My lucky baby gets to take a walk in the clouds in utero after a day of being nourished by farm fresh goodies.

Farming and teaching seem like good compliments to motherhood, and teaching and farming happen to be what I love the most and seem to be the best at out of the career choices I’ve explored over the years.

To be fair, the only thing I can focus on lately is having a baby and the process of pregnancy. Everything else is taking second place to this awesome experience (at least for the time being). And for now, at least I have one delivery date that can only shift a few weeks in either direction

Until next time (when I’ll be a little rounder, and hopefully much closer to living in a yurt!),

Sending you Peace and Love,

Alex, the Rural Farmgirl

Leave a comment 0 Comments

  1. Jan says:

    Congratulations, Alex! You reminded me of a wonderful woman that I met at a farmer’s market in the small town of St.
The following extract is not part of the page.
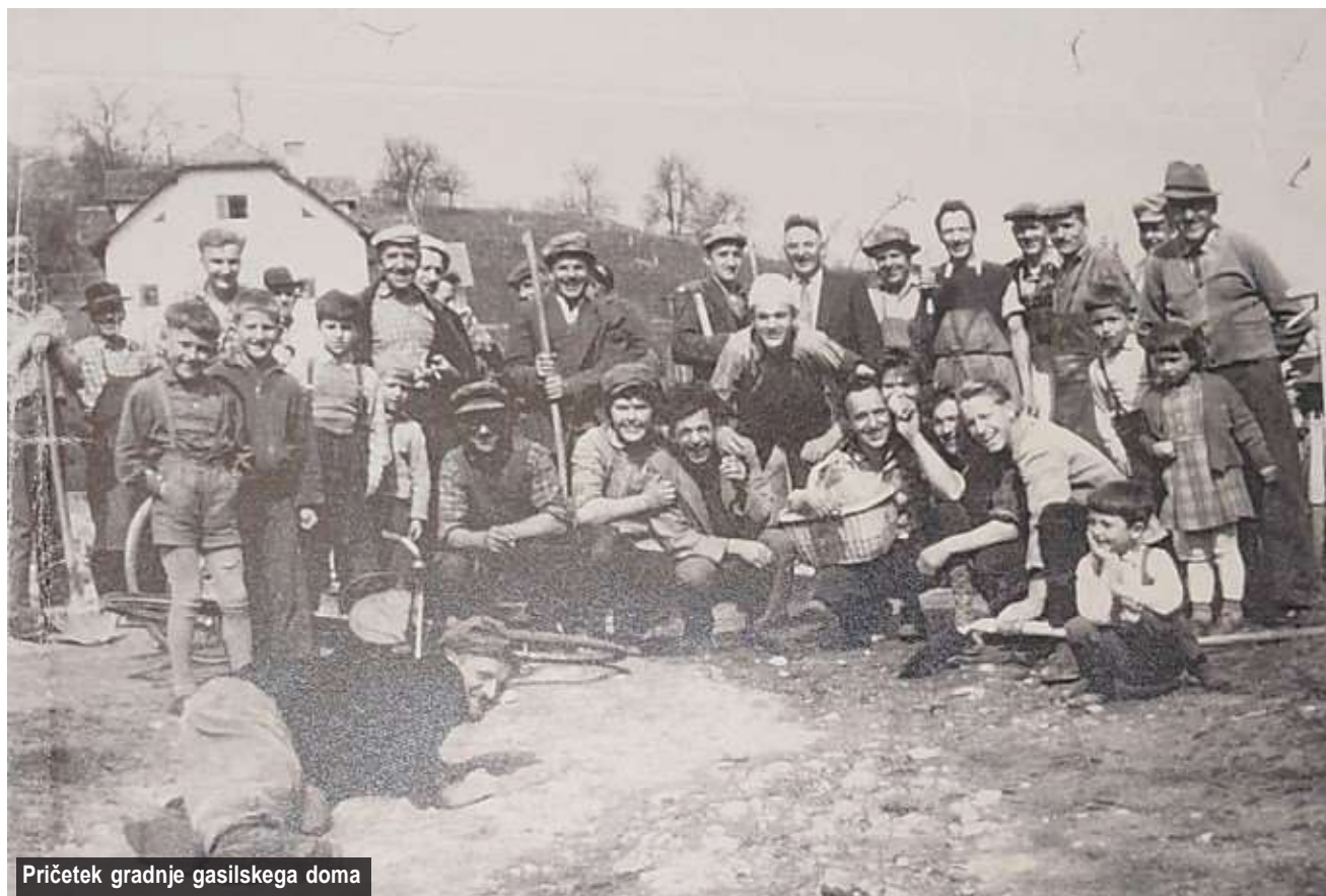
Pričetek gradnje gasilskega doma

Maries, ID. I was purchasing organic beets (my recent addiction!) and we were discussing her planting sites in the area. I looked at her hands and saw the short nails, complete with the embedded soil…What I saw was strength! Her glowing face and the twinkle in her eye told all…
    Very happy for you and picturing the yurt!

  2. Sippie says:

    Congratulations! You are going to make a wonderful mom!!

  3. Eileen says:

    Congratulations!

  4. Adrienne says:

    First of all, I wish you and Evan a healthy pregnancy with no complications. Second, I hope your yurt arrives soon so you can prepare it before winter and the spring arrival of your little one. May you want for nothing. Mazel tov!

  5. Ace says:

    That so exciting Alex!! Congratulations on your pregnancy from all of us at MaryJanesFarm! :)

  6. Laura says:

    It’s good to see you never stop growing; as a person, a farmer, a woman and now a mother. Congratulations on your living in the round (squared) Lol

  7. Meredith says:

    Congratulations Alex and Evan! Wishing you all the best!

  8. Debbie says:

    Congratulations Alex! I can’t think of a better farming companion that a baby! You’ll raise him/her right from the start! Many blessings to you and Evan. Can’t wait for both of your new arrivals… the Yurt and your new baby!
    Deb ( the Beach Farmgirl )

  9. Marion says:

    Alex, this is wonderful news. I love that you are excited and fully experiencing your pregnancy. I love that even in the city you dress and act as who you are. So many women could use you as an example of what a woman is, not the air-brushed models in magazines. You are living the best life, move forward with confidence and enjoy all the happiness coming your way.

  10. ashley says:

    Thanks for the post! It’s so inspiring to have another woman in a demanding career take the plunge into motherhood. I wish you the best of luck.